JPS623282Y2 - - Google Patents

Description

[Detailed Description of the Invention] [Industrial Application Field] The present invention relates to a tandem suspension system used for heavy-load trucks and the like.

BACKGROUND OF THE INVENTION Tandem suspension systems have been used for many years on heavy-duty trucks that are used only on the road or on heavy-duty trucks that are used off-road. This suspension system is equipped with equalization means that distribute the load evenly over the axle and reduce the effects of bumps and irregularities on the road surface, according to the "lever" principle. Torque rods help absorb torque.
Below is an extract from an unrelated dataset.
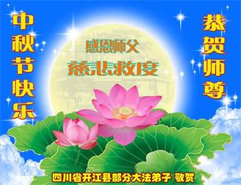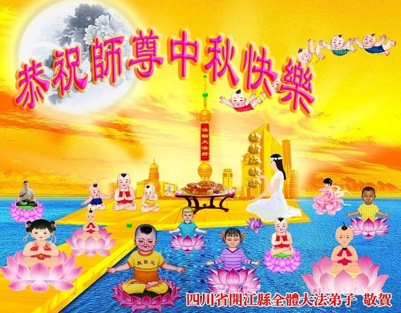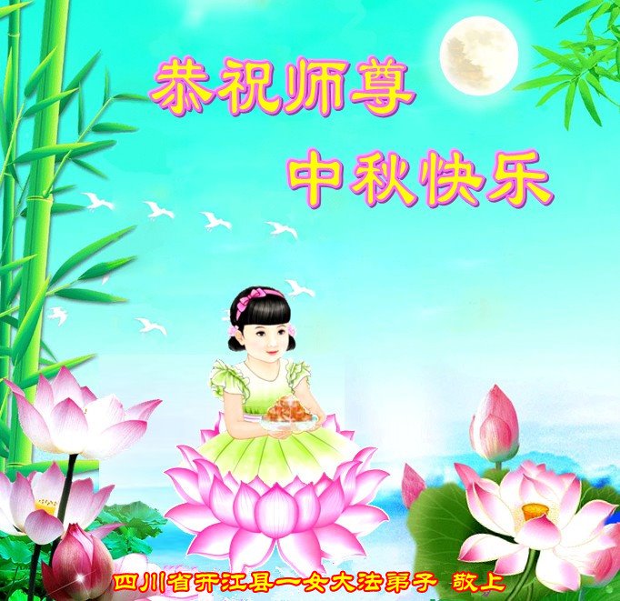 四川綿陽一大法弟子暨全家恭祝師尊中秋快樂!

Torque here is the force that causes the axle to rotate its neutral shaft forward or backward due to driving force or braking force.
The ends of the equalizing beams are usually provided with resilient supports, such as rubber bushings, which connect them to the axle bracket. A central bushing is also provided in the central portion of each equalizing beam to connect a spring saddle or frame bracket to each beam. If these bushings are used, there is no need to attach lubricating parts to these locations.

A central bushing for mounting the equalizing beam for movement relative to a spring saddle or frame bracket has an inner sleeve and an outer sleeve. An elastomer insert is provided between these sleeves to provide a damping effect between the equalizing beam and the frame bracket when the road surface that the tandem wheels encounter is uneven. In this way, when one of the wheels encounters a bump or hole in the road surface and is located at a different height than the other wheel, the elastomeric insert is subjected to torsional loads. The elastomeric insert is also subjected to shear stresses when the sleeves move in opposite directions, such as when the vehicle turns. Furthermore, under certain conditions, such as when the vehicle is turning, a conical deflection occurs in the beam center bushing. Conical deflection refers to a phenomenon in which the axes of the inner and outer sleeves are no longer aligned with each other and follow conical trajectories. During such movements, the sliding movement between the metal sleeve and the elastomeric insert is minimized so that heat generation occurs within the elastomeric insert rather than at the interface between the sleeve and the elastomeric insert. I can do it. Continuous excessive relative movement between the sleeve and the elastomeric insert will cause friction, wear, and failure of the pair.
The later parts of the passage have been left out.